**What is needed**
In your copy, reproduce the entries exactly as they are, minus the images.

Records excerpted from a collection:
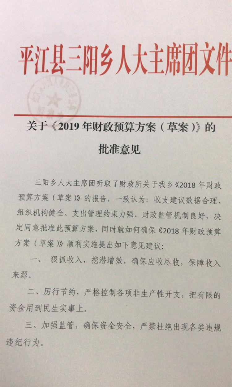 三阳乡关于《2019年财政预算方案(草案)》的批准意见
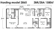 Beds: 3 Baths: 2 Sq Ft: 1580 W x L: 26′ 4″ x 60′ 0″
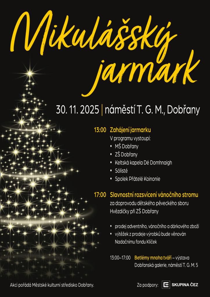 Mikulášský jarmark a rozsvícení vánočního stromu na náměstí v Dobřanech.
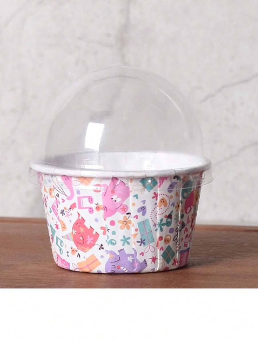 25 Medium Cake Paper Cups With Lids, Colorful Printed Oil-Proof Chocolate Cake Paper Trays, Muffin Cups With Rolled Tops, Coated Paper Cup Trays, Small Cake Cup Molds Diy High Temperature Resistant Oven Baking Tools
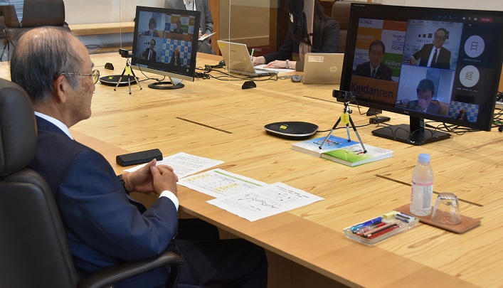 三村会頭から、テレワークデイズについては、東京2020大会期間中の人流抑制と混雑緩和を想定し、レジリエントな働き方の実現に向け、在宅勤務や、時差出勤、各種休暇取得などを推進する取り組みであると理解しており、本年も協力を呼び掛ける。
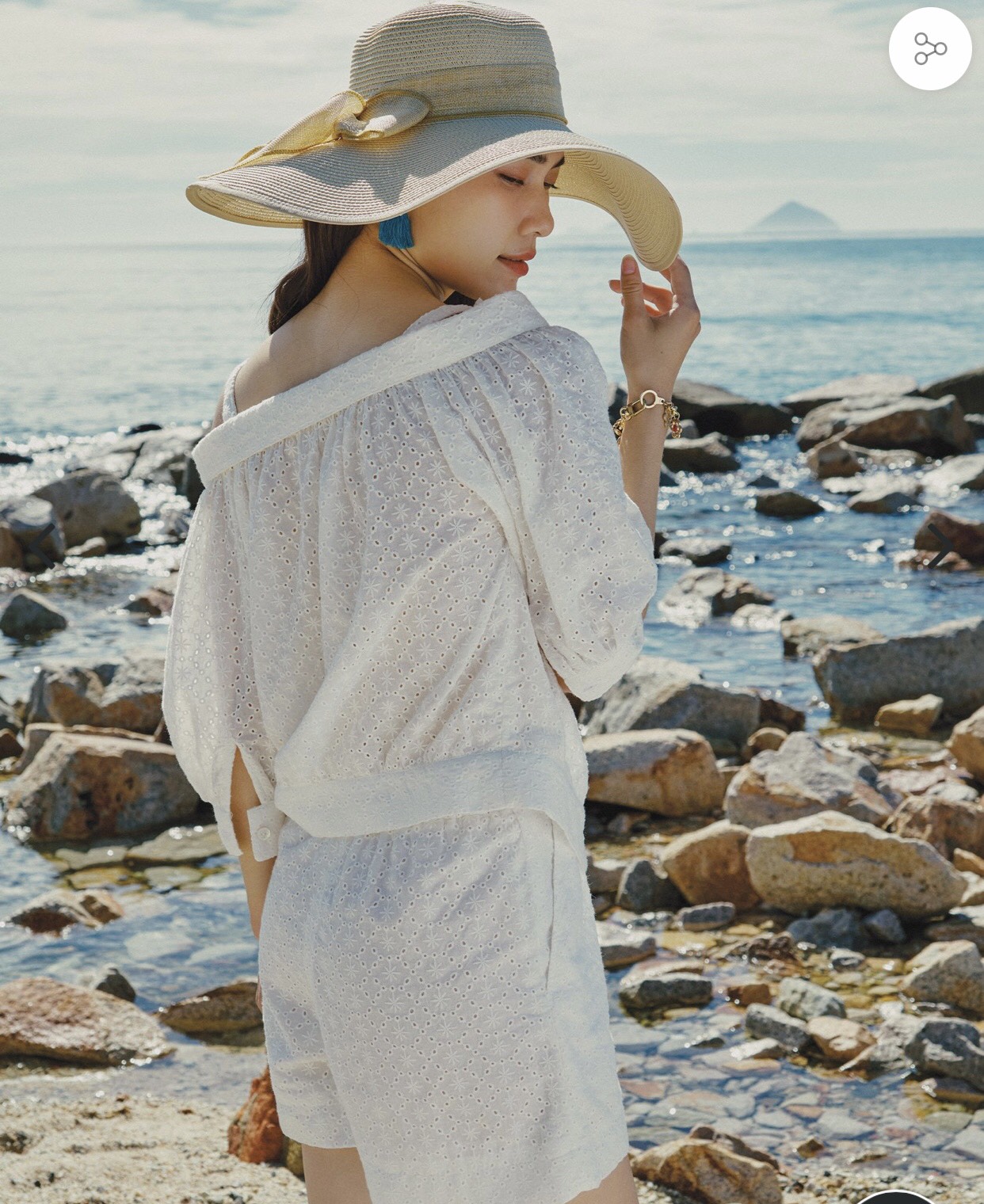 Thiết kế áo trễ vai croptop thắt nơ vai phối chung với quần đồng bộ cotton thêu trắng có thể kết hợp với nhiều phụ kiện khác nhau như sandal, giày cao gót, túi xách,... tạo nên phong cách thời trang đa dạng, phù hợp cho nhiều hoàn cảnh khác nhau.

**Reply**
 三阳乡关于《2019年财政预算方案(草案)》的批准意见
 Beds: 3 Baths: 2 Sq Ft: 1580 W x L: 26′ 4″ x 60′ 0″
 Mikulášský jarmark a rozsvícení vánočního stromu na náměstí v Dobřanech.
 25 Medium Cake Paper Cups With Lids, Colorful Printed Oil-Proof Chocolate Cake Paper Trays, Muffin Cups With Rolled Tops, Coated Paper Cup Trays, Small Cake Cup Molds Diy High Temperature Resistant Oven Baking Tools
 三村会頭から、テレワークデイズについては、東京2020大会期間中の人流抑制と混雑緩和を想定し、レジリエントな働き方の実現に向け、在宅勤務や、時差出勤、各種休暇取得などを推進する取り組みであると理解しており、本年も協力を呼び掛ける。
 Thiết kế áo trễ vai croptop thắt nơ vai phối chung với quần đồng bộ cotton thêu trắng có thể kết hợp với nhiều phụ kiện khác nhau như sandal, giày cao gót, túi xách,... tạo nên phong cách thời trang đa dạng, phù hợp cho nhiều hoàn cảnh khác nhau.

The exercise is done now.